How to Choose the Best Seat on a Flight
There is no single best seat on a plane, only the best seat for what you want out of the flight. Sort out what matters to you most, then pick accordingly. Here is how I choose, depending on the trip.
If you want to sleep
Go for a window seat, ideally ahead of the wing. The window gives you something to lean against and control over the blind, and nobody climbs over you for the toilet. Avoid the very back rows and anything near the galleys and toilets, where the lights, noise and foot traffic never really stop.
If you want legroom
An exit-row or a bulkhead seat usually has the most space. Two things to know: exit-row seats often do not recline and you may have to stow everything in the overhead bin for take-off and landing, and bulkhead seats have no seat in front, so your bag goes overhead too. Many airlines charge extra for these, but on a long flight it can be money well spent.
If you want to get off quickly
An aisle seat as far forward as your ticket allows is the fastest way off the aircraft, which matters if you have a tight connection or just hate waiting. The trade-off is that on a long flight an aisle seat means standing up for window passengers and a little more cabin bustle past your elbow.
If you get airsick or feel nervous
Sit over the wing. It is the most stable part of the aircraft, closest to the plane's centre of gravity, so you feel turbulence the least there. Nervous flyers often do well with a window over the wing, where you can see the horizon, or an aisle seat if feeling boxed in is the bigger worry.
If you are flying with a baby or young children
Ask about the bulkhead row, since that is where airlines fit bassinets for infants on long-haul flights. With older children, the priority is simply sitting together, so book your seats early rather than risking a scattered family on a full flight.
A few seats to avoid
- The last row, which often does not recline and sits right by the toilets and galley.
- Seats immediately in front of an exit row, which sometimes have limited recline.
- Middle seats on a long flight, unless you are travelling as a group and one of you takes one for the team.
How seat selection actually works
On most airlines you can pick your seat free at web check-in, which opens around 48 hours before departure, so the single best habit is to check in the moment it opens. Many airlines also sell seat selection earlier, with the prime spots, extra-legroom rows, front seats and windows, costing more.
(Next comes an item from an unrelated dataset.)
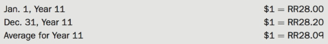 ⢠On January 1, Year 11, the inventory was RR525,000 and was acquired when the average exchange rate was RR28.27.
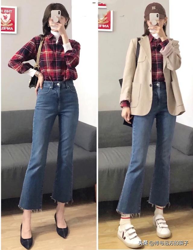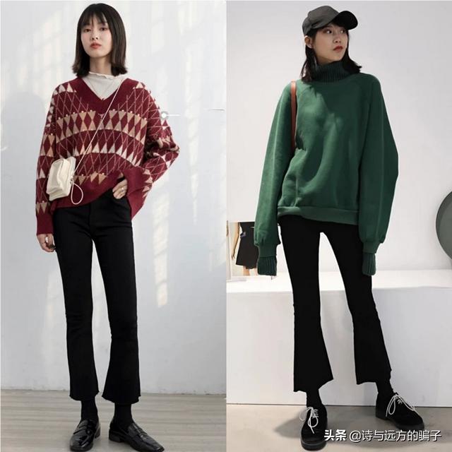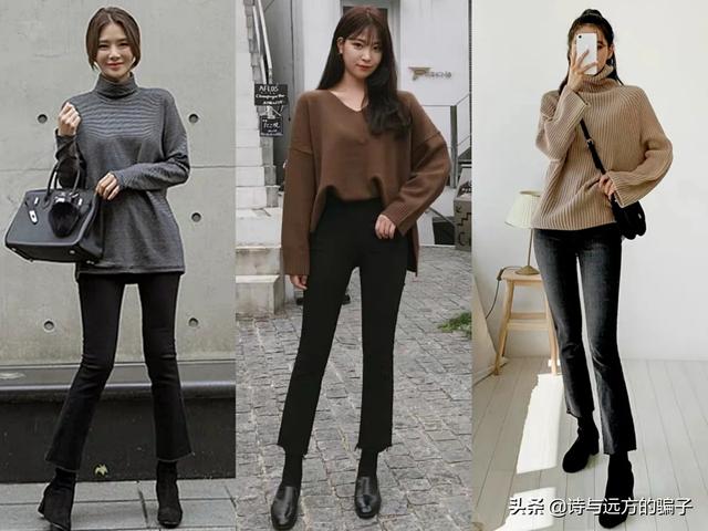 搭配再升级一点,毛衣或者卫衣叠穿中高领打底衫,让整身造型层次感升级,同时上衣稍微宽松得版型搭配下身大腿紧小腿微松的微喇酷,休闲随性显瘦时髦。

Whether that is worth paying depends on the flight: on a short hop it rarely is, but on a long-haul a seat you chose on purpose can be the difference between arriving rested and arriving sore. Budget airlines assign you a random seat for free if you do not pay, so you will sit somewhere regardless; paying simply buys you the choice rather than the luck of the draw.
Whatever you choose, it is worth selecting your seat at web check-in rather than leaving it to the airport, when the good ones are long gone. And if it is a long-haul, a good seat plus a plan for the jet lag at the other end makes a real difference to how you arrive.